TribuneNews.com, Tokyo – Onis Baswedan tak segan-segan membeberkan posisinya kepada mahasiswa Sophia University di Tokyo, Jepang, bahwa dirinya menganggur yang artinya tidak bekerja.
Namun hal ini tidak mematahkan semangatnya. Sangat buruk.
Sebab, mereka mempunyai kemampuan atau kesanggupan dalam mengajar dan mengenyam pendidikan tinggi.
Anis Gadjah merupakan lulusan Fakultas Ekonomi Universitas Mada (UGM).
Beliau meraih gelar master di bidang keamanan internasional dan kebijakan ekonomi dari University of Maryland, College Park, AS.
Sementara itu, beliau memperoleh gelar PhD dari Northern Illinois University Amerika Serikat pada tahun 1999 dengan subjek kemerdekaan dan proses demokrasi di Indonesia.
Ia juga menerima Beasiswa Gerald S. Marianov Fellow pada tahun 2004.
Menjadi Rektor Universitas Paramadina pengalamannya tidak main-main.
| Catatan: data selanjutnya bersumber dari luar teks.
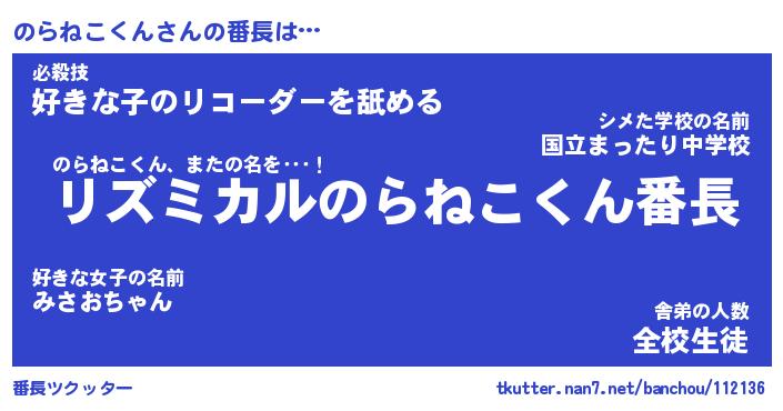 | ヘコむあだ名 | 『のらもー』『酢こんぶ』『のらっ子』 |
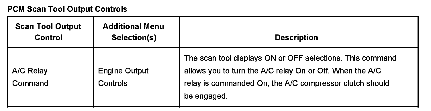 PCM Scan Tool Output Controls:
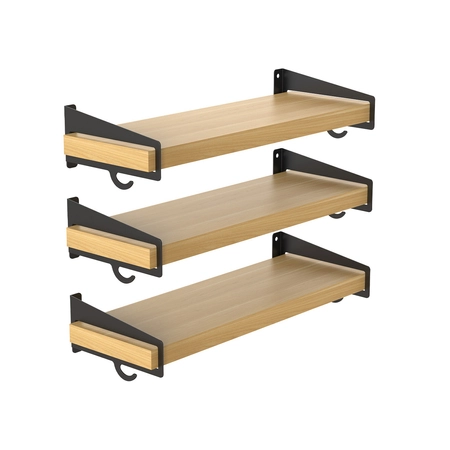 • Zestaw trzech loftowych półek do powieszenia na ścianę Spacetronik. Dekor klon, mocowanie stalowe. Dodatkowe haczyki. Rozmiar pojedynczej półki: 45 x 17 x 2,5 cm. Nośność do 20 kg.
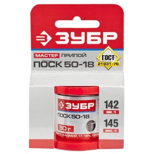 Припой оловянно-свинцовый с кадмием ПОСК 50-18 ЗУБР, арт.55454-050-10,серия ″Мастер″, применяется для пайки деталей, чувствительных к перегреву – металлизированной керамики, полупроводниковой техники, медных и медно-никелевых сплавов с посеребренной керамикой, посеребренных деталей, ювелирных изделий, ступенчатой пайки конденсаторов.
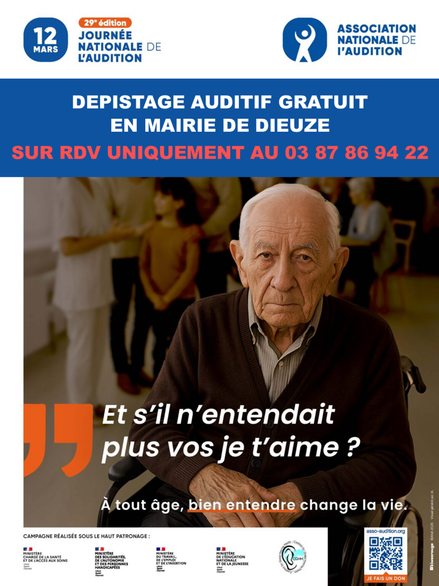 👂 À l'occasion de la Journée Nationale de l'Audition, jeudi 12 mars 2026, venez tester gratuitement votre audition en Mairie de Dieuze
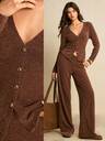 Poéselle 2pcs Rib Bodysuit & Pants Set, Comfy Loungewear Workout Set, Tracksuit, Casual Style, Long Sleeve Bodysuit And Wide Leg Pants, Autumn Winter Basic Essential, Baggy Pants, Long Sleeve, Winter Clothes
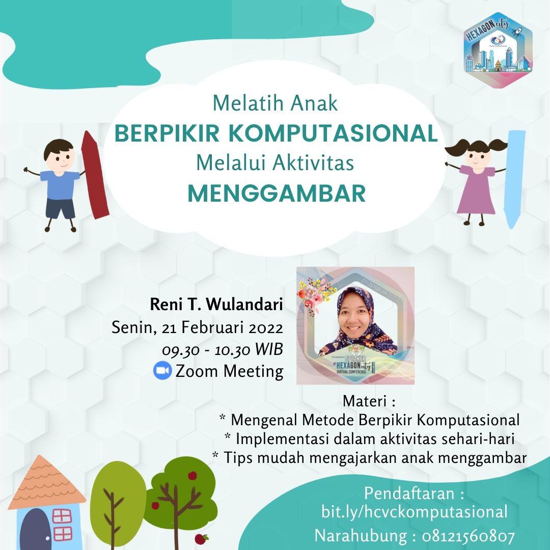 Senin, 21 Februari lalu aku bertugas menjadi Butterfly di Hexagon City Virtual Conference. Speaker pertama yang kuhinggapi adalah Reni T. Wulandari dengan tema Melatih Anak Berpikir Komputasional Melalui Aktivitas Menggambar. Apa itu berpikir komputasional? Berpikir komputasional atau Computational Thinking adalah metode menyelesaikan persoalan dengan menerapkan teknik ilmu komputer. Ini mendorong anak untuk berpikir kreatif dan kritis dalam menyelesaikan persoalan dengan menerapkan konsep terstruktur.
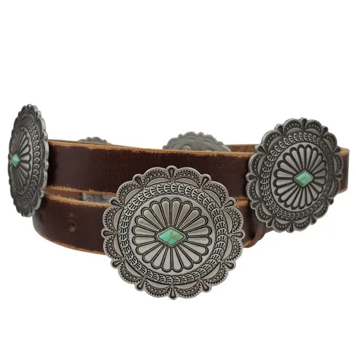 5 verschuifbare concho's met stenen op de riem plus een bijpassende gesp, in totaal 6 delen per riem

Ia kemudian aktif di dunia politik dan pernah menjadi Gubernur DKI Jakarta.
Di hadapan para mahasiswa Tokyo Sophia University, ia mengaku tidak memiliki pekerjaan karena tidak bekerja pada siapa pun di sini.
“Kalau ada yang mau mempekerjakan saya, silakan saja,” kata Anis, Jumat (20/9/2024) sore.
Setelah gagal meraih suara mayoritas pada Pilpres 2024, Ennis yakin akan masa depannya, dan itu berarti ia harus angkat bicara. Namun dia bersikeras bahwa dia tidak ingin kembali ke dunia politik universitas.
“Kalau ada yang ingin menelepon saya, silakan saja, tapi saya tidak akan kembali mengajar di universitas,” ujarnya.
Saat itu, Anis menegaskan, banyak orang baik di NKRI, terlihat dari protes ketika kebijakan tidak baik.
“Ketika ada yang tidak beres di Indonesia, banyak orang yang turun ke jalan dan memprotes apa yang terjadi sekarang. Banyak orang baik di NKRI, kata Anis.
Menurutnya, aktif di dunia digital dan berbagi hal-hal baik adalah hal terbaik di dunia, khususnya bagi generasi muda.
“Jangan khawatir di mana Anda berada di Karawang atau Kanagawa karena Anda bisa berkomunikasi dari mana saja. Jadi semua orang bisa memantau negara kita di mana pun Anda berada,” ujarnya.
Anis pun membandingkan pengaruh media masa lalu dan masa kini.
“Dulu pemimpin redaksi menyiapkan berita di halaman depan dan berdampak besar bagi dunia. “Sekarang di era digital, khususnya generasi Z, netizen menjadi pengaruh terbesar di masyarakat,” ujarnya.
Anis menyinggung undang-undang tersebut namun aparat tidak berbuat apa-apa, mereka akan protes jika hal itu terjadi.
Katanya, menurutnya, pembangunan dan segala sesuatunya harus dimulai dari pimpinan puncak.
“Kalau pemimpinnya cinta, yang di bawahnya pun begitu. Bos saya juga begitu,” tuturnya.
Anees juga mengimbau mereka untuk waspada terhadap penipuan yang menyebar melalui media.
“Jangan langsung menerima apa yang kita temukan di media sosial. “Banyak penipuan di sini, kita harus sangat berhati-hati,” katanya.
Selama di Tokyo, Anis menyempatkan diri untuk salat di masjid Indonesia di Tokyo. Ia juga erat kaitannya dengan diaspora Indonesia di Jepang.
Betapa bahagianya Anis mengetahui masyarakat Indonesia di Jepang masih berupaya membantu bangsa, termasuk menjaga demokrasi.
Terima kasih kepada Prof Muhammad Aziz ketua KMII Jepang yang telah mengundang dan menyelenggarakan acara ini. Terima kasih kepada semua yang telah meluangkan waktu untuk bertemu dan menyapa. Semoga kita bisa segera bertemu kembali, kata Anis dalam Instagramnya.